EXERCISE INPUTS >>
┌──
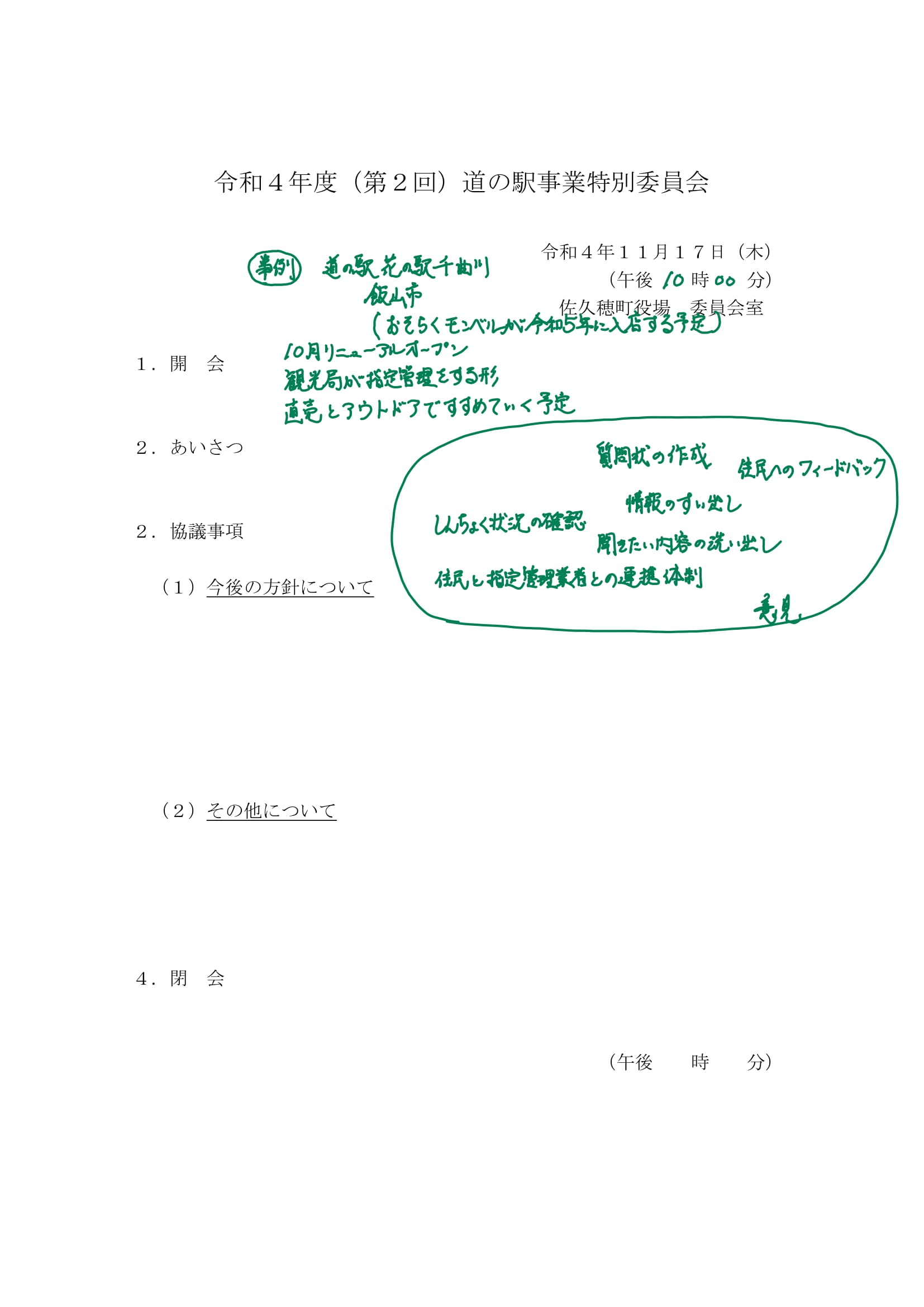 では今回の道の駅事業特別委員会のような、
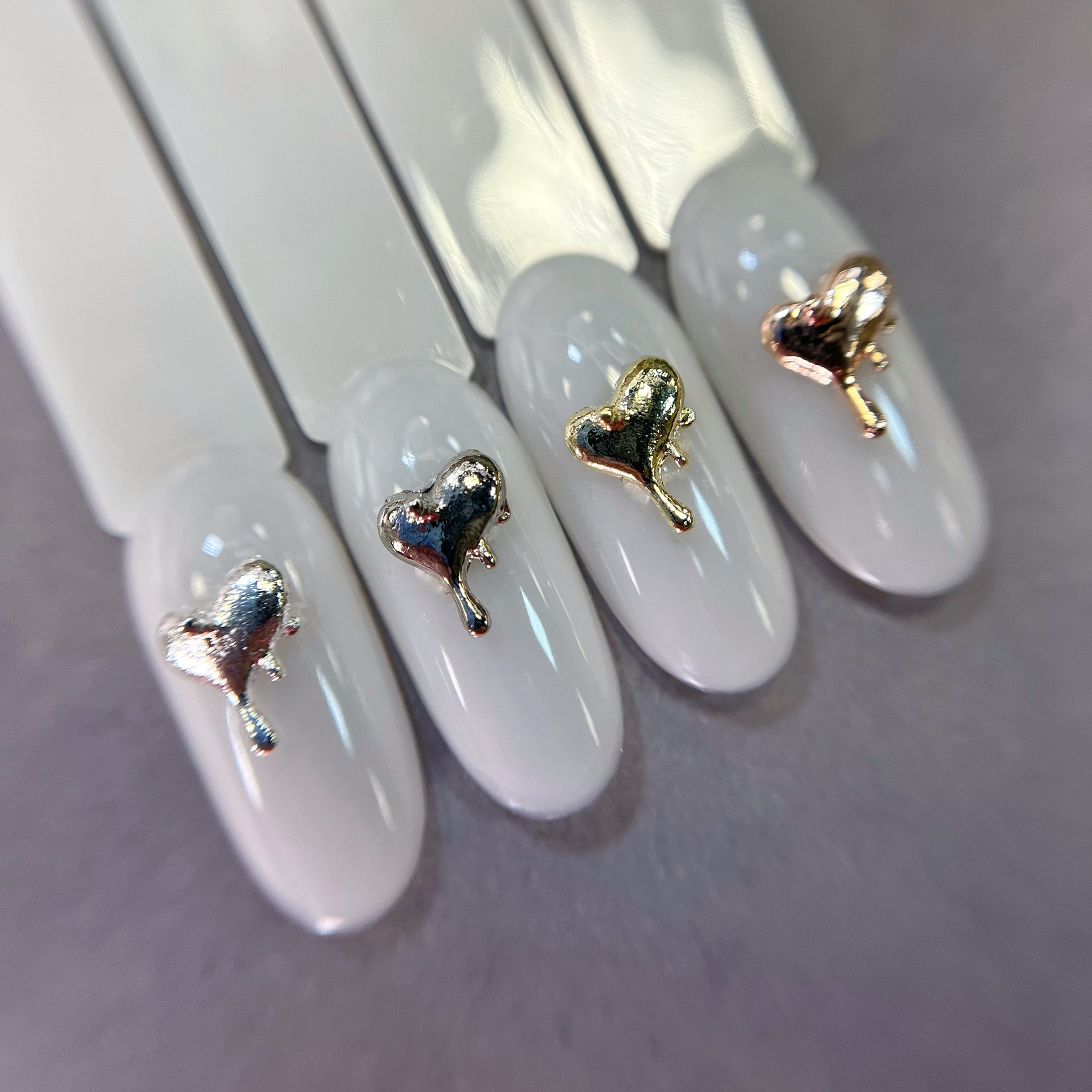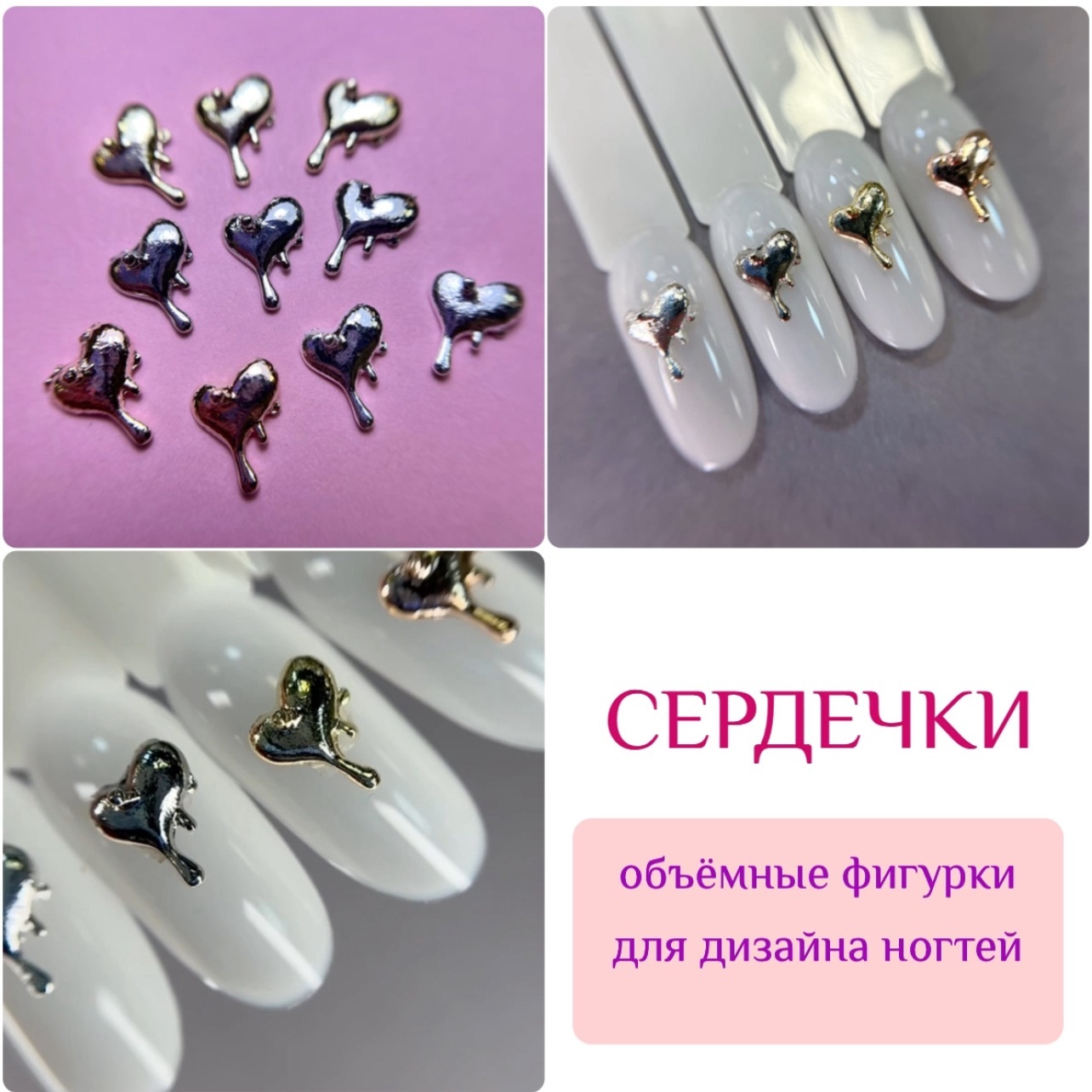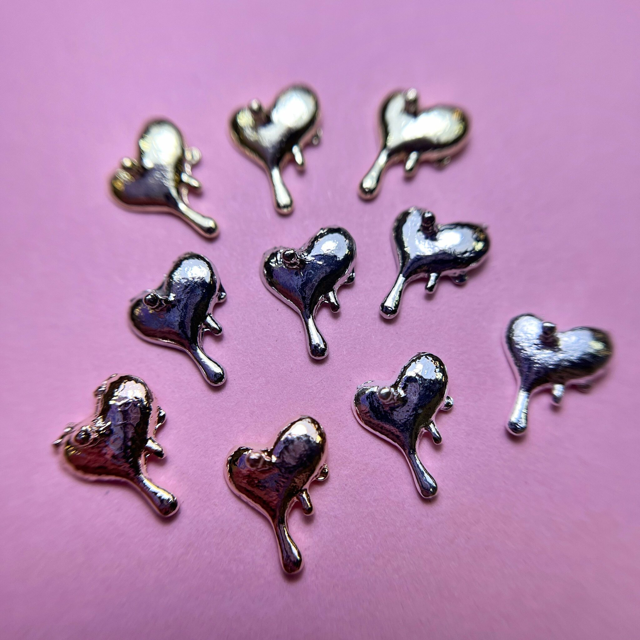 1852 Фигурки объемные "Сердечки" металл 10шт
└──
┌──
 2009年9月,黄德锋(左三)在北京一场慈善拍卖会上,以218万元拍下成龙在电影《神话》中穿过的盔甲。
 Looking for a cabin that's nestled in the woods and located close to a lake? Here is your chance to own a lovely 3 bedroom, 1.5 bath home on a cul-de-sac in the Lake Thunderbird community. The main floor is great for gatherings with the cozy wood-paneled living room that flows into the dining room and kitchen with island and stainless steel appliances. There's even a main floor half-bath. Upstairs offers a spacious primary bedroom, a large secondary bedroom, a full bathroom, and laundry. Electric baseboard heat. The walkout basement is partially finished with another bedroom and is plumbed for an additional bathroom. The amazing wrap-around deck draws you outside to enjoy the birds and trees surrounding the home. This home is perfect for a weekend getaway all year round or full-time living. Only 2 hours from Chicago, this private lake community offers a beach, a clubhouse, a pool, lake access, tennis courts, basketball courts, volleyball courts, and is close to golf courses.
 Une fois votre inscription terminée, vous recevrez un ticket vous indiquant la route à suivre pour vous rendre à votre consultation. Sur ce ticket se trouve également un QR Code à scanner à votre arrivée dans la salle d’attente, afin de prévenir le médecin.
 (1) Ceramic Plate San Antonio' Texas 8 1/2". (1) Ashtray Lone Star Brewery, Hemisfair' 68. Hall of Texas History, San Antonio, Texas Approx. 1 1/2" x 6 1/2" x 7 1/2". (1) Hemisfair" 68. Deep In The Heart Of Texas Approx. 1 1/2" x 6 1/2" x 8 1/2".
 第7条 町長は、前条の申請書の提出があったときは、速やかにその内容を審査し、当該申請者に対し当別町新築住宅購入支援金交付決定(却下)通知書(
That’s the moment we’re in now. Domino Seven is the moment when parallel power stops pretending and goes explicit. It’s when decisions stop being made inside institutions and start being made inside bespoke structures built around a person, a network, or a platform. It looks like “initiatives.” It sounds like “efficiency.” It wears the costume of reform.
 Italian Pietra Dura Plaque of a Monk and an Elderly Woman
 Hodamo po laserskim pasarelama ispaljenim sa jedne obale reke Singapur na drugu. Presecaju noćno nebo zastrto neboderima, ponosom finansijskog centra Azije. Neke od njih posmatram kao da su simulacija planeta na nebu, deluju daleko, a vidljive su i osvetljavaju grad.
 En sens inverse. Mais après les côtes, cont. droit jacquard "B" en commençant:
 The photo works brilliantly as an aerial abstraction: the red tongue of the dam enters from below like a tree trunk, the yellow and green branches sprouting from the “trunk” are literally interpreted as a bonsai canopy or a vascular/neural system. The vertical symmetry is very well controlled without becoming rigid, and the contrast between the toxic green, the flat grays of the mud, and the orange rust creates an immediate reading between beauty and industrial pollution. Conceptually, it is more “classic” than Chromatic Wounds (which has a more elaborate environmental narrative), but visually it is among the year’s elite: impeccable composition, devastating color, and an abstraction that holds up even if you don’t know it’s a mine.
└──
┌──
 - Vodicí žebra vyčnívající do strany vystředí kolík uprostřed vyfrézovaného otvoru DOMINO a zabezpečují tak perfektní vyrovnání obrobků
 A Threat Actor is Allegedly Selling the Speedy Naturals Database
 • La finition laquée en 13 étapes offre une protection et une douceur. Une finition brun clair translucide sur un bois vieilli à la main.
└──
Range to copy from the listing above: the line with "では今回の道の駅事業特別委員会のような、" through the line with "1852 Фигурки объемные". Transcribe it exactly and skip the pictures.

SOLUTION TO THIS EXERCISE >>
 では今回の道の駅事業特別委員会のような、
 1852 Фигурки объемные "Сердечки" металл 10шт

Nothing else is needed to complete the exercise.